Am I a ‘conservative?’

The other day, a friend of mine somewhat surprised me by referring to me as a ‘conservative.’ Pressed to define myself, I would say that I am a pragmatic libertarian who is willing to recognize that our freedoms need to be constrained in many ways in order to live decently together.

The Political Compass test categorizes me as follows: moderately left wing on economics (-3.00) and strongly slanted towards libertarianism rather than authoritarianism (-6.67).
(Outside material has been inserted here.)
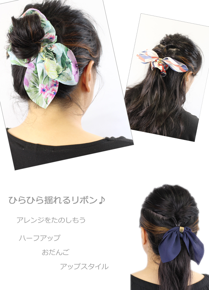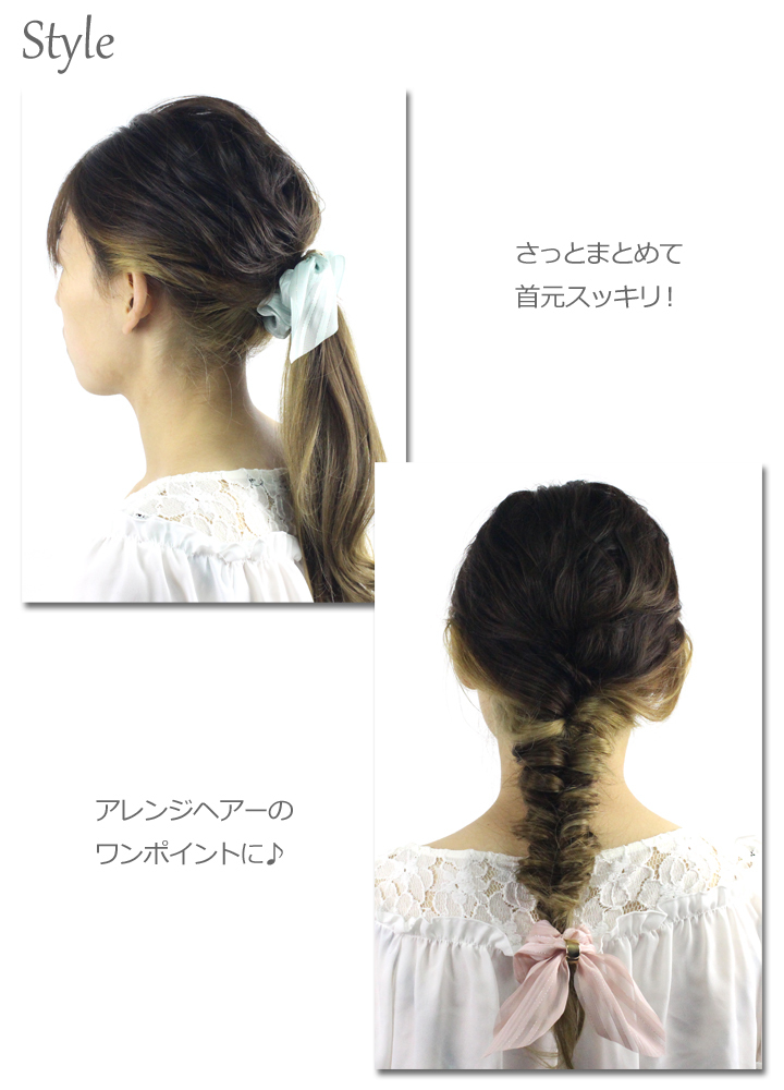 | 商品説明 | 大人気アクセのスカーフリボンシュシュ!! 今までのリボンヘアゴムより更に使いやすくアレンジの幅が広がりました。 ひらひら揺れるリボンが女性らしさをプラス♪ ポニーテールはもちろん、おだんごや編みこみアレンジにも!! |

I do object to some of the questions they pose. For instance:

  1. If economic globalisation is inevitable, it should primarily serve humanity rather than the interests of trans-national corporations – It is a bit silly to say that globalization serves one or the other, or that corporations are purely abstract entities whose welfare has nothing to do with individual people.
  2. The only social responsibility of a company should be to deliver a profit to its shareholders – This seems like an oversimplification of a complex question. Clearly, corporations have a general obligation to obey the law (though those in them may sometimes be morally obliged to break unjust laws). It certainly isn’t clear that the directors of corporations should undertake charity using shareholder wealth.
  3. First-generation immigrants can never be fully integrated within their new country – This clearly depends on what constitutes integration. For instance, when there are societies that have multiculturalism and inclusiveness as important features, people can be integrated without being assimilated.

The test also features a number of confusingly worded multiple-negative items. “Is X not true? No.” There are also a few questions seemingly designed to establish whether you are a racist. It seems to me that there have probably been racists of all possible political affiliations.
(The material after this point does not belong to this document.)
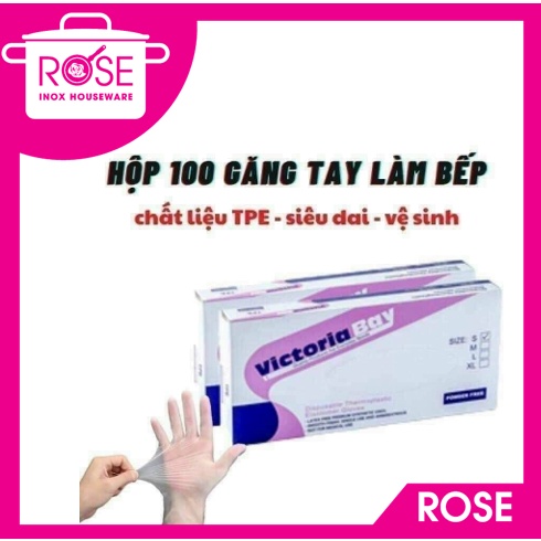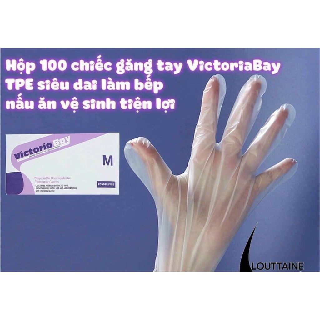 Hộp 100 Găng tay cao su VictoriaBay làm bếp vệ sinh siêu dai chất liệu TPE không mùi

Personally, I would say my political philosophy is a combination of some classically liberal ways of viewing the world coupled with a libertarian concern for the individual and a utilitarian concern for group welfare. I would say that I am also unusually aware of the extent to which seemingly private decisions (what to eat, how to travel, etc) have significant and morally relevant impacts on other people.

Author: Milan

In the spring of 2005, I graduated from the University of British Columbia with a degree in International Relations and a general focus in the area of environmental politics. In the fall of 2005, I began reading for an M.Phil in IR at Wadham College, Oxford. Outside school, I am very interested in photography, writing, and the outdoors. I am writing this blog to keep in touch with friends and family around the world, provide a more personal view of graduate student life in Oxford, and pass on some lessons I've learned here.

7 thoughts on “Am I a ‘conservative?’”

  1. You can only be ‘conservative’ or ‘liberal’ in relation to someone else, and there will always be people more conservative and more liberal than you.
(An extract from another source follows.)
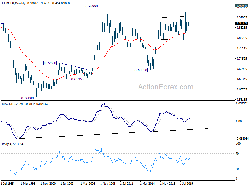Intraday bias in EUR/GBP remains neutral for the moment. With 0.9004 resistance intact, further decline is expected. On the downside, sustained break of 0.8866 key support will indicate that rebound from 0.8670 has completed at 0.9291. Deeper fall should be seen to 0.8670, to extend the pattern from 0.9499. On the upside, however, firm break of 0.9004 resistance will turn bias back to the upside for 0.9291 resistance.

    Given that each side uses the opposite title as an insult, it isn’t surprising that someone out there would call you one or the other.

  2. Did you get a chance to watch that short Chomsky film on economic integration?

  3. The Daily Show with John Stewart
    September 23, 2008

    Clip 1 of 4

    John Stewart: After Katrina, after Iraq … I didn’t think there was another area that these guys could screw up.

    John Oliver: It wasn’t easy. It was like finding a vein on a failure junkie.

    JS: You’re saying the president here won’t be satisfied until American children are eating roadkill?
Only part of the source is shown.